The 5th track of the album is a very vibrant and life-like song that sounds like it should belong in a Disney movie. The strings, piano, drums, and bass is very well incorporated and creates very nice melodies in between vocals. The refreshing sound of Zoe Gilby only contributes to that. The way lyrics were presented, saying phrases in a very long time and then, with a perfect cadence, ending the musical sentence is the main reason for that effect. The only improvement would be that sometimes the transitions cause that effect to end suddenly, only to start again. That creates a sense of complexity within the song and takes away the pleasant emotions it causes on the listener. However, that problem is only subtle and lasts for a short time. It doesn't mean that this highly sophisticated and pleasant song is a bad one. It would be a go-to song if you already feel vibrant and happy, or if you "want to" feel vibrant and happy. The song has a magical effect on any types of emotions that you may need in a certain situation.
6. The Tunnel:
The Tunnel is a nice, calm soul-jazz song harmonized with Zoe Gilby’s exquisite voice. The track starts with easy-going chords and a catchy melody. Shortly after Zoe’s impressive blends in the sound with a distinctive, unique melisma while some nice non-conventional chord progressions accompanying it. This interesting, catchy phrasing of Zoe’s voice and melody is the anchor and is widely spread throughout the song. One other exciting phrasing is the chorus part where diversified non-conventional chord progressions and well-written licks are combined with a chorus of Zoe’s different voices. While the jazz elements are mainly emphasized in plain melisma sections of Zoe’s singing, the tranquility, and serenity of the song come from the nice groove captured by Andy. While the transition between phrasings was more distinct and clear at the beginning of the track, the sound of the song evolves in which these sections blend in with each other and create a great whole approaching the end of the song. 7. Postcards:
"Postcards" start with a uniquely layered groove. The drums remind some tropical beats and the bass sounds mean. The vocal lines are delivered with great usage of staccato. The melody has a very strong flow that is joined by harmony parts as the song progresses. The disco-ish chorus is punchy. You can't help but bang your head and feast on the tempo. The chords are chosen wisely and the arrangement helps to bring out the best possible sound. Although being the shortest track in the album Postcards is one of the strongest thanks to its excellent writing.
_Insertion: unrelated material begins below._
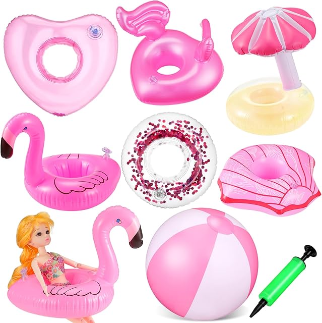 The CHENGU 6 Pcs Pool Floaties for Girl Dolls Swim Accessories Set Swimming Pool Floaties Party Ring Girl Dolls Cup Coasters Dolls Pool Toys Doll Pool for 11.5″ Dolls Girl Swimming Pool

The sax solo, which starts around the 2 minute mark with a bass drop, is very well suiting and helps the musicians tell the story.
8. Smoke & Mirrors:
The last, and also the longest, track in the album, Smoke&Mirrors starts with a nice Andy’s nice bass introduction accompanied by a piano. This short section is interesting in a way that includes different and unorthodox styles. One of them is the polychordal approach to song composition which enhances the intro in a way that makes the intro nice and catchy. Zoe’s singing joins in this melody shortly after. Zoe’s singing is different in a way that it complies with the complex rhythmic structure more than the melody itself. After Zoe’s singing, a complete improvisation section starts. Andy has managed to create a great atmosphere of randomness and also harmony with his experiments on piano. Zoe again joins the intense section with her demanding, emphasized voice, again focused on rhythmic structures more than the melody itself. The sound continues to develop with interesting additions of melisma and melodic sections. Smoke & Mirrors finish leaving the listener satisfied, filled, and ready for Zoe’s demanding words: “Let me guide you.”